By Racinguk.com staff
William Haggas' Duke of York winner was sent off at 9-1, having been narrowly denied by The Tin Man in the Diamond Jubilee at Royal Ascot.
However, he was one of several leading fancies for the Group One to under perform behind impressive winner Harry Angel.
According to Simon Rowlands, the sectional timings journalist, every horse in the July Cup ran more slowly in the opening three furlongs than every horse in the opening half of the July Stakes for juvenile colts and every juvenile filly in the Duchess Of Cambridge Stakes. Both of those races are staged over the same 6f distance.
Tasleet ran the first three furlongs in a pedestrian 38.09 seconds, and then finished in 34.07s.
"It was a strange race, they went very slow," Crowley said.
With Aidan O'Brien having a pacemaker, I was surprised how slow we went early on.
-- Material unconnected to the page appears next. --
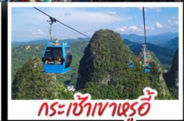
กระเช้าเขาหุ่ย
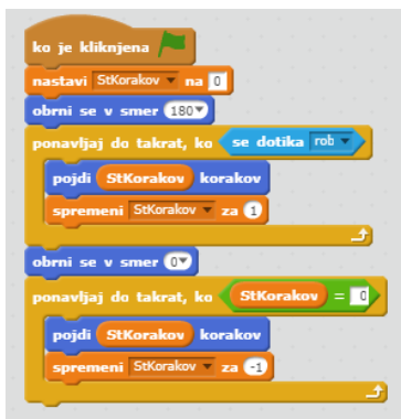
Slika 2: Gravitacija 5. razred

"He was very keen, he needs a strong pace and is probably at his best with a bit more juice in the ground as we saw at York.
"He'll live to fight another day and come back.
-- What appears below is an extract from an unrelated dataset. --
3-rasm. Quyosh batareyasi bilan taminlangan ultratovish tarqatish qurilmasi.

"When you see them all finish in a bunch, it shows how steady we went - take nothing away from the winner, though, because he's a very good horse.
"With the likes of Caravaggio, he looked like he'd have been suited to a stronger pace and it was the same with Tasleet.
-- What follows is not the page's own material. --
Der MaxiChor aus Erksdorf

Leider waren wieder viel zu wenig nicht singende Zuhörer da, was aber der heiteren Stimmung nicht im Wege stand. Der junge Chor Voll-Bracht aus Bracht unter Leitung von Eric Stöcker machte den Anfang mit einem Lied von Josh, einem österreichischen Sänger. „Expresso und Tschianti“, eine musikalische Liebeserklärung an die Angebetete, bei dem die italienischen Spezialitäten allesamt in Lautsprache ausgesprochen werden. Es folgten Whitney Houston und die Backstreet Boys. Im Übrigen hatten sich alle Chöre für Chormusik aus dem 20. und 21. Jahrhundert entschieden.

"The Prix Maurice de Gheest could be one of his targets over six-and-a-half and if it comes up soft in races like the Haydock Sprint Cup and on Champions Day, he'll come right into it."
Angus Gold, racing manager to owner Sheikh Hamdan Al Maktoum, also felt the track at Newmarket may not have played to Tasleet's strengths.
He said: "He was too keen, as you could see, and that was definitely something to do with the pace. For me, though, he has never particularly liked contours on a track.
"He seems to have a better action on a flat track. Jim Crowley said going down the hill he just backed off him."